The moment relaxation solver can also be called using a more standard YALMIP notation, by simply defining the solver as 'moment'.

sdpvar x1 x2
obj = -x1^2-x2^2;
F = set([1-4*x1*x2 x1;x1 4-x1^2-x2^2]);
sol = solvesdp(F,obj,sdpsettings('solver','moment','moment.order',2));
assign(sol.momentdata.x,sol.xoptimal{1});
double(obj)
ans =
   -4.00003
checkset(F)
++++++++++++++++++++++++++++++++++++++++++++++++++++++++++++++
|   ID|      Constraint|              Type|   Primal residual|
++++++++++++++++++++++++++++++++++++++++++++++++++++++++++++++
|   #1|   Numeric value|   LMI (quadratic)|       -0.00034633|
++++++++++++++++++++++++++++++++++++++++++++++++++++++++++++++

The semidefinite programs rapidly grows when the number of variables and the polynomial degree increase, so be careful when you model your problem.

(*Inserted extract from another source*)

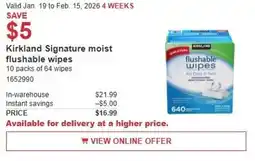 1Costco Kirkland Signature moist flushable wipes offerKirkland Signature moist flushable wipesCostco$21.99$16.99Save $519 January 202601 February 2026 View offer
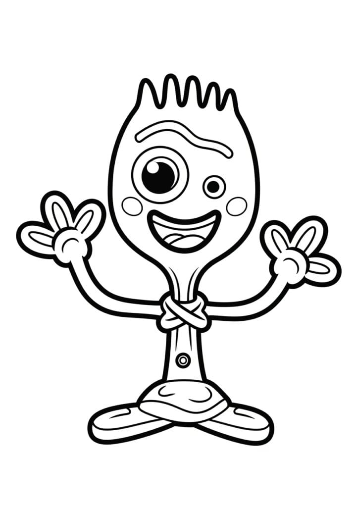 This coloring page features Forky from Toy Story 4 in all his gloriously weird homemade glory, standing with both bendy pipe cleaner arms raised up in the air and that massive lopsided grin spread across his spoon-shaped face. His design is delightfully quirky and unlike anything else in the Disney coloring page world, with a forked top where his tines stick up like a little crown, googly mismatched eyes of two very different sizes, and popsicle stick feet crossed at the bottom that give him the most charmingly wonky stance. A piece of string or rubber band is wrapped around his middle section, and the whole illustration uses bold confident outlines that make his unusual shape really pop on the page. The overall layout is centered and full of personality, and honestly just looking at this design before you even pick up a pencil is enough to make you smile.

The two most useful practical tips when working semidefinite relaxations seem to be to de-symmetrize your objective function, and compactify your feasible region. These two tricks typically increase the likelihood that you will be able to extract global solutions. By adding a perturbation to the polynomial, symmetry is lost, which generically means that there will not be infinitely many optima, and the extraction algorithm is more likely to work. Most theory in moment relaxations assumes that the feasible set is compact, and this is also affecting practical performance. By adding redundant compactifying constraints, you typically increase the likelihood of success. As an example, a simple redundant constraint which often work well in practice is an upper bound on the objective function based on a known feasible sub-optimal solution.